CONFÉRENCE
LES ŒUVRES DE PONT
DE LA BASSE VALLÉE
DU RHÔNE
Daniel LE BLÉVEC
professeur émérite de l'Université de
Montpellier
spécialiste de l'histoire de l'Occident médiéval
"Au Moyen Âge, se déplacer, voyager, cheminer sur les routes, franchir les rivières et les fleuves, sont des activités périlleuses. Dès qu’il quitte son espace familier, villageois ou familial, l’homme en chemin doit affronter un environnement hostile et plein d’aléas : ne pas trouver un hébergement pour passer la nuit, faire de mauvaises rencontres, surtout braver le danger que constitue la traversée de rivières au cours impétueux, de fleuves larges et parsemés d’embûches (rochers, tourbillons, courants violents), sans compter les dangers d’ordre surnaturel, que l’imaginaire populaire localise volontiers dans l’environnement fluvial. Tout voyageur qui part seul sur les routes devient un « pauvre » (pauper), car si pauvreté (paupertas) signifie d’abord dénuement, le mot renvoie aussi à la notion de faiblesse. Parmi les voyageurs, ce sont bien entendu les pèlerins qui, les premiers, attendent aide et réconfort. Mais pas uniquement : tous ceux qui voyagent affrontent les mêmes dangers. Aussi entretenir une route, construire un pont, édifier un asile pour abriter ceux qui se déplacent ou même simplement y participer en donnant une somme d’argent, sont des attitudes relevant du devoir d’aumône et de l’impératif d’assistance envers son prochain lorsque celui-ci est dans le besoin. Les fidèles qui consacrent un peu de leur temps ou de leurs deniers à de telles entreprises font par conséquent œuvre de piété et ils en attendent des bénéfices spirituels comparables à ceux qui leur sont promis lorsqu’ils se montrent généreux envers les couvents et les églises.

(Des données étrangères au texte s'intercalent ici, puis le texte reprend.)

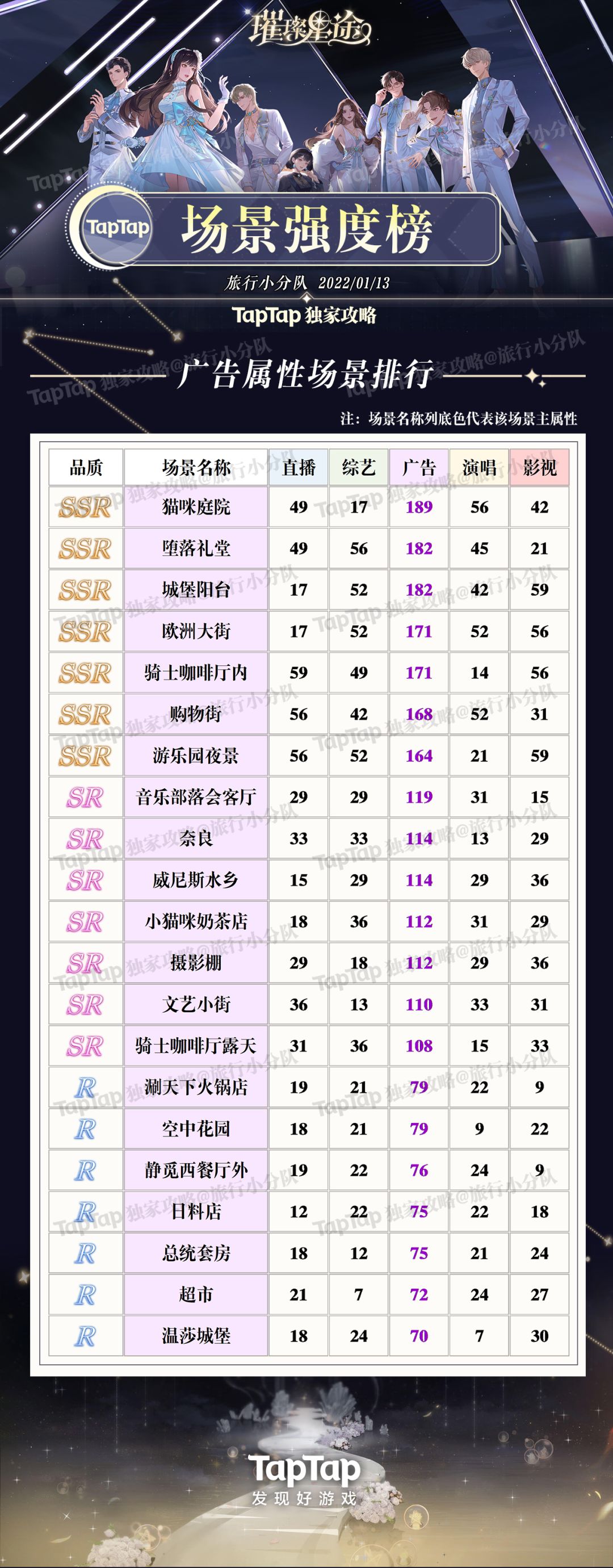 《璀璨星途》中场景一共五种属性,品质分SSR、SR、R三种,没有技能,可根据品质高低和需要的属性养,同时记得养可以升华的高品质场景。 可以先养升华较多的SR,常驻的SSR可以等抽到重复SSR能升华的时候再养。 五个属性的场景强度榜如下:
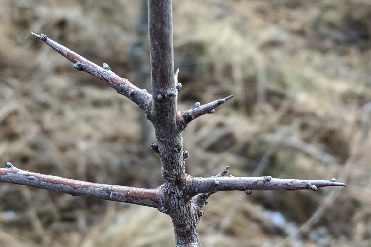 Megmutatom a képeket a vadalma, a vadkörte és galagonya tövises nyársáról, falusiasan tüskéjéről, és kérlek, szánj rá tíz percet, hogy megfigyeld, és leírd magadnak a következőket mindenikre külön: hol van rajta tövis, azaz szúrós valami, és hol vannak rügyek, illetve azok milyen irányba állnak. Ezekről a tövises nyársakról azt kell még elmondanom, hogy almástermésűeknél a vad fák jellemzői. Ha most kimennél a kertedbe, és keresnéd az alma- vagy körtefákon, nem találod őket, mert a nemesen a termőnyársak nem tövisesek. A kajszin van esélyed találni tövisesebb nyársat, vagy egyik-másik vadabb szilván, de almán és körtén nem igazán.
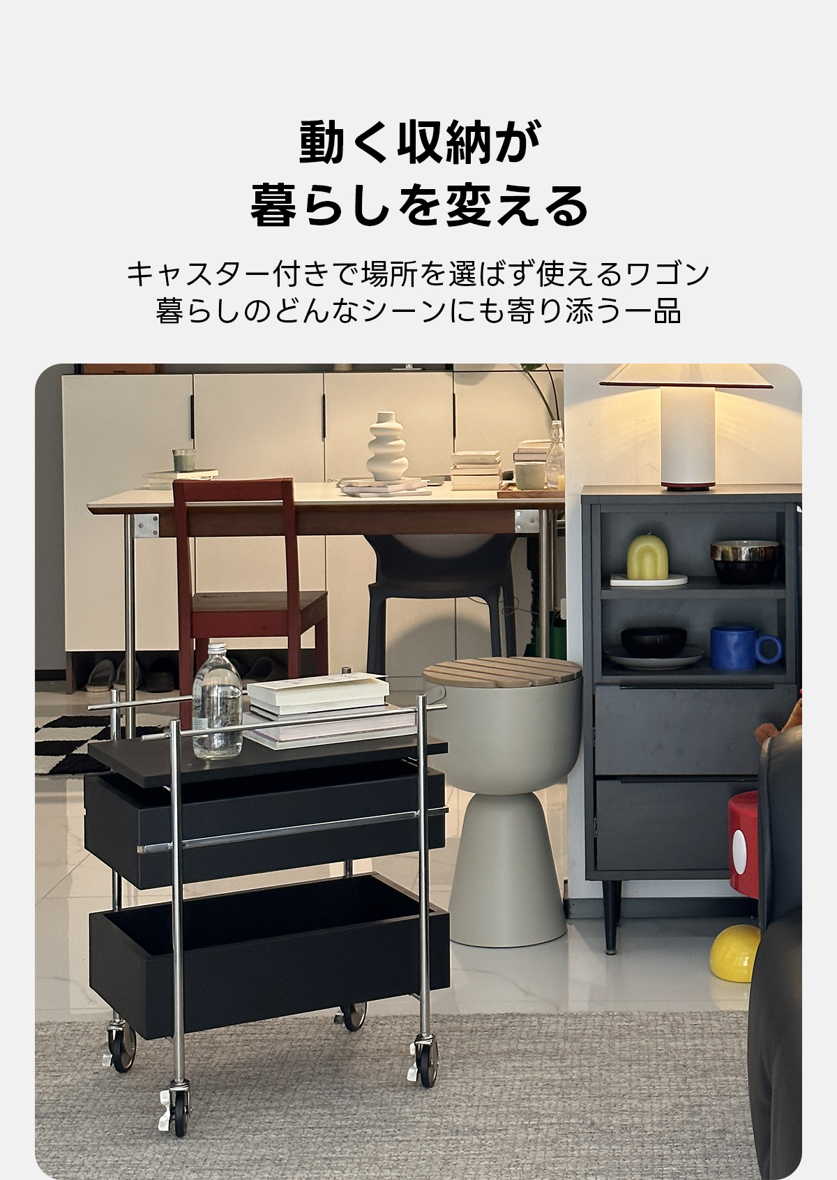 - 【ユーザーに優しい体験】:ロック付きキャスターが付いており、簡単に移動できるだけでなく、しっかりと固定することも可能です。コンパクトでありながら、十分な収納力を持っています。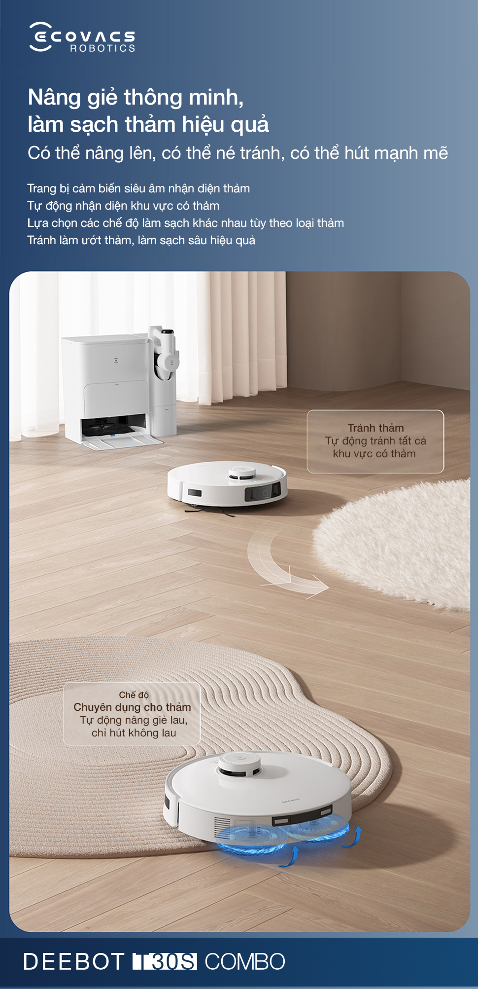 Nhờ ứng dụng công nghệ sóng siêu âm tiên tiến, robot hút bụi lau nhà Ecovacs T30S Combo có khả năng nhận diện thảm với độ chính xác cao. Ngay khi phát hiện thảm, hệ thống sẽ tự động nâng tấm lau nhà lên 9mm, đồng thời kích hoạt lực hút cực đại để làm sạch sâu bụi bẩn bám trong sợi vải.

C’est pour gérer ces dons, faire face tant à l’afflux des voyageurs qu’à celui des fidèles dévots, avides des bénéfices spirituels procurés par l’octroi des indulgences, mais également pour organiser les travaux nécessités par la construction et l’entretien des ponts, enfin pour assurer l’assistance aux pèlerins et aux pauvres passants que se sont constituées, à partir de la fin du XIIe siècle, des " œuvres de pont " (opera pontis), plus particulièrement dans les pays méditerranéens, surtout en Italie et en France méridionale. Ces institutions, au statut canonique assez flou, ont pu être des émanations d’autorités ecclésiastiques supérieures, comme les monastères ou les communautés de chanoines. Elles ont parfois dépendu de confréries, de seigneurs ou de pouvoirs municipaux.
Il est une région où ces institutions ont pris une importance toute particulière, en raison de leur ampleur monumentale, de leur renommée, de l’utilité de leur action, de l’abondance documentaire dont elles bénéficient et de l’originalité de leur situation ecclésiastique et juridique : la vallée du Rhône. Leur localisation se confond en effet avec celle des trois grands ponts qui ont été édifiés sur le Rhône entre la fin du XIIe et le début du XIVe siècle : Lyon, Pont-Saint-Esprit, Avignon. Trois initiatives ambitieuses, destinées à dompter en le franchissant à pied sec un grand fleuve aux eaux tumultueuses et aux crues dévastatrices, redoutable pour les voyageurs amenés à le traverser.
Nous nous attacherons à présenter, car elles sont les mieux documentées, les deux œuvres attachées aux ponts dont les vestiges monumentaux existent encore aujourd’hui, celle du pont d’Avignon et celle du pont Saint-Esprit.
On s’intéressera également au cas particulier et un peu différent du franchissement de la Durance à Bonpas.